This paper uses sample survey data from BRFSS (Behavioral Risk Factor Surveillance System) surveys to illustrate that biased point estimates, inappropriate standard errors and confidence intervals, and misleading tests of significance can result from using standard statistical software packages to analyze sample survey data. General recommendations are given to indicate situations in which serious errors are likely to occur with the use of standard statistical software packages for sample survey data.

CAUTIONS IN USING STANDARD STATISTICAL SOFTWARE PACKAGES

Standard statistical software packages generally do not take into account four common characteristics of sample survey data: (1) unequal probability selection of observations, (2) clustering of observations, (3) stratification and (4) nonresponse and other adjustments [2 ]. Point estimates of population parameters are impacted by the value of the analysis weight for each observation. These weights depend upon the selection probabilities and other survey design features such as stratification and clustering. Hence, standard packages will yield biased point estimates if the weights are ignored. Estimated variance formulas for point estimates based on sample survey data are impacted by clustering, stratification and the weights. By ignoring these aspects, standard packages generally underestimate the estimated variance of a point estimate, sometimes substantially so.

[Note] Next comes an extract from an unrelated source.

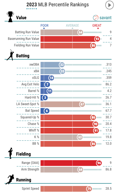 Here’s a statcast card from his 2023 season:

Most standard statistical packages can perform weighted analyses, usually via a WEIGHT statement added to the program code. Use of standard statistical packages with a weighting variable may yield the same point estimates for population parameters as sample survey software packages. However, the estimated variance often is not correct and can be substantially wrong, depending upon the particular program within the standard software package.

DESCRIPTION OF BRFSS SURVEYS

The BRFSS [13 ] program was established by CDC (Centers for Disease Prevention and Control) to provide state level data to estimate the prevalence of risk factors for disease and poor health. States select a continuous probability sample of the adult noninstitutionalized population using some type of random digit dialing (RDD) telephone sampling [9]; the Mitofsky-Waksberg technique [16] is commonly used. Once a residence is reached, almost all states select one adult, with equal probability, to undergo a telephone interview. States generally interview about 1500 to 4500 adults per year.

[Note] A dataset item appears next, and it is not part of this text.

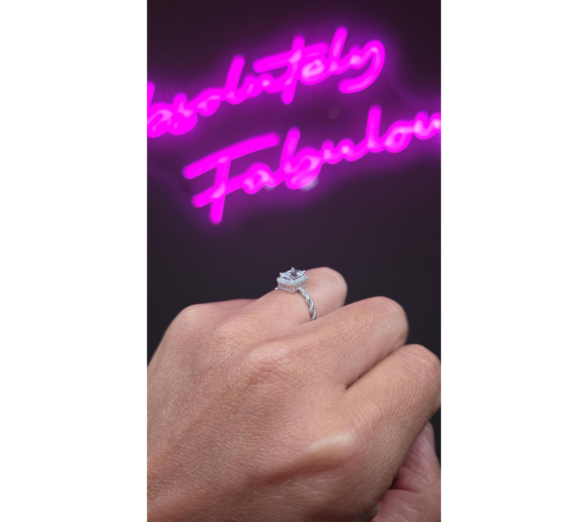 Whether you're celebrating a special occasion or elevating your everyday look, this solitaire ring shines with every gesture. The emerald-cut centerpiece set on a twisted band creates a stunning play of light as round cubic zirconia Diamonique simulated diamonds complete the halo for extra sparkle.

BRFSS surveys result in an unequal probability sample of adults, primarily because only one adult per sampled household is selected. Weighting adjustments generally are done for enumeration nonresponse (a roster of adults within the household was not obtained) and/or for interview nonresponse (the selected adult was not interviewed). Further, poststratification of the observations to U.S. Census data generally is done. Hence, each observation in the dataset has a value for the variable FINALWT (final analysis weight). This value indicates the number of persons in the population represented by that observation. The value of FINALWT varies across observations, sometimes considerably, depending upon the state's sampling plan.

In addition to differential weighting, the statewide sample generally is clustered by telephone bank (usually defined as a group of telephone numbers with identical area code, prefix and first two digits of the suffix). Some states use stratification in their sampling process. Although BRFSS sampling details differ across the states, each statewide BRFSS survey typically is weighted and clustered, and a few are stratified.

This paper uses calendar year 1993 BRFSS data on diabetes for the six states given in Table 1, yielding a total sample size of 20,049 observations (completed interviews) over the six states. Presence/absence of diabetes is defined as a yes/no answer to "Have you ever been told by a doctor that you have diabetes"; the few observations with other than a yes/no answer are excluded from all analyses.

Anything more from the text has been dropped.